La repercusión de la primera ola de la pandemia de COVID-19 y el confinamiento decretado tuvieron una repercusión distinta en las urgencias traumatológicas pediátricas en los distintos hospitales según la incidencia de la infección y las medidas adoptadas en las diferentes comunidades autónomas. En todos los casos hubo una reducción importante de la actividad, se atendió una mayor proporción de dolencias medias y graves, la edad media de los pacientes atendidos fue menor y se observó un retraso en las cirugías realizadas en urgencias, probablemente por la necesidad de solicitar una prueba PCR para detectar una infección por COVID-19.

Palabras clave:
COVID-19
Ortopedia infantil
Urgencias
Full Text
Introduction

The COVID pandemic has changed many aspects of our lives, including healthcare at many levels. The first wave, in the spring of 2020, had the greatest impact on all levels of medical care, as it was accompanied by a lockdown of the population, decreed on 14 March 2020.1 This has never been experienced before and is worth studying and analysing for the future.

Many studies have been published on how this situation affected medical emergencies in hospitals, and trauma emergencies in particular, but none have analysed whether the consequences were different according to the geographical region due to different incidences of infection and the different organisation of available resources according to the autonomous community.

We present a multicentre study of three tertiary hospitals of three Spanish cities with different incidences of COVID-19, different ways of reorganising available resources and a different rate of de-escalation during the first wave of the pandemic, and study how the activity of paediatric trauma emergency departments was affected compared to the same period of the previous year.

Material and methods

This is a retrospective cohort study comparing and analysing paediatric trauma emergencies attended in three hospitals in different Spanish cities during the first wave versus the same period in the previous year.

We selected three tertiary hospitals in three different cities, one with a high incidence, where it was decided to allocate all paediatric trauma emergencies to another paediatric hospital (Hospital 12 de Octubre in Madrid), another with a medium incidence and without any measures regarding paediatric trauma emergencies (Hospital Universitario y Politécnico la Fe in Valencia), and a third in a region with a low incidence and which was the referral centre for all these emergencies (Hospital Son Espases in Palma de Mallorca).

Incidence data were calculated according to the cases reported to the National Epidemiological Surveillance Network (RENAVE) of the Instituto de Salud Carlos III. As of 29 May 2020, 64,408 cases of Coronavirus infection had been reported in the Community of Madrid, 13,777 in the Community of Valencia, and 2084 in the Community of the Balearic Islands.2

We collected the number of paediatric trauma emergencies per day during the first wave (15 March to 21 June 2020) and during the same period of the previous year (15 March to 21 June 2019) in the three hospitals. We collected age and diagnosis, grouping them into mild conditions not requiring specialist follow-up (sprains, contusions, minor injuries), moderate conditions not requiring admission but requiring specialist follow-up (non-displaced or slightly displaced fractures, more serious injuries), and severe conditions requiring admission and surgical treatment. We also recorded whether, if surgery was required, a PCR test had to be performed, and if so, the result of this test, and whether this delayed the surgery.

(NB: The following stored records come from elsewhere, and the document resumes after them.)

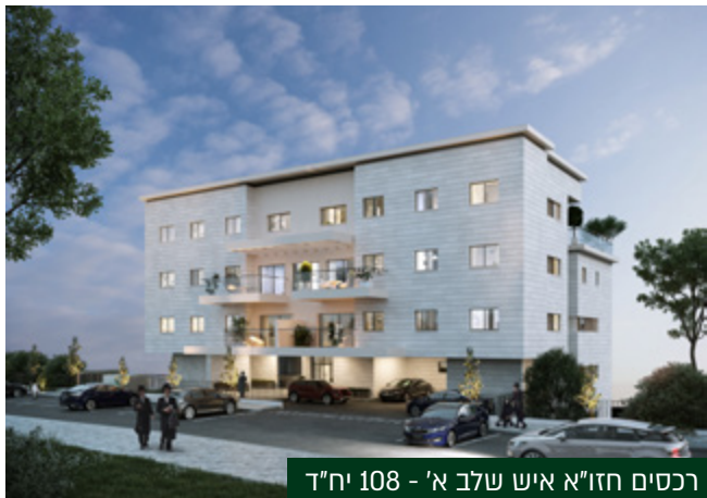
רכסים חזו"א איש שלב א' - 108 יח"ד
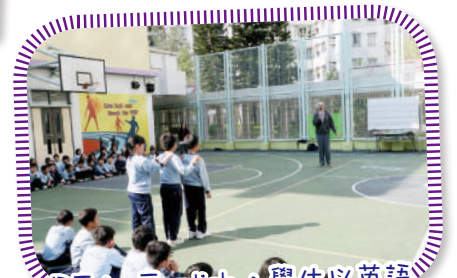
PE in English，學生以英語 進行體育活動，完成挑戰任務
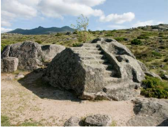
Castro de Ulaca, Solosancho, Ávila
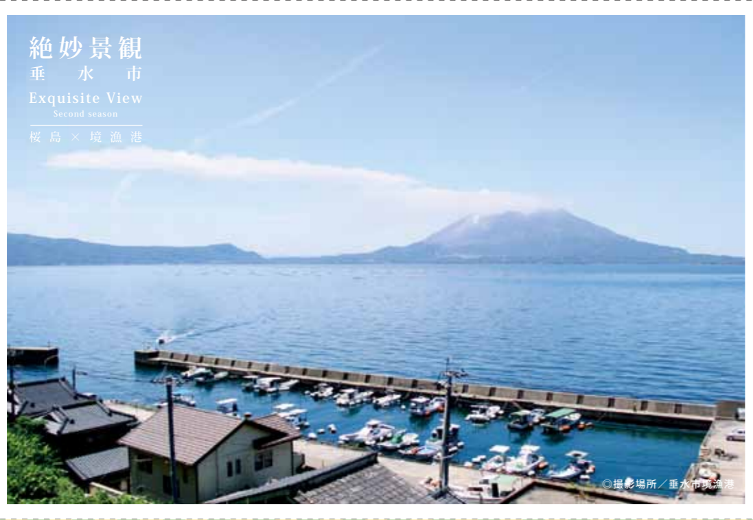
絶妙景観 垂水市 Exquisite View Second season 桜島 × 境漁港

For statistical processing, the data from each hospital were divided into two groups according to date: pre-pandemic and during the pandemic. Qualitative variables were compared using Pearson's χ2 test. For quantitative variables, normal distribution and homogeneity of variances were tested with the Shapiro–Wilk test and Levene's test, respectively. When these applicability hypotheses were met, the analysis of variance method (ANOVA) was used, otherwise the non-parametric Kruskal–Wallis test was used.

In all cases a 95% confidence interval was assumed and p-values of less than .05 were considered statistically significant differences. R Commander graphical user interface to the R software was used for the statistical analysis.

Results

A total of 6474 episodes of paediatric trauma emergencies were included. Of these, 5240 were in 2019 and 1234 in 2020.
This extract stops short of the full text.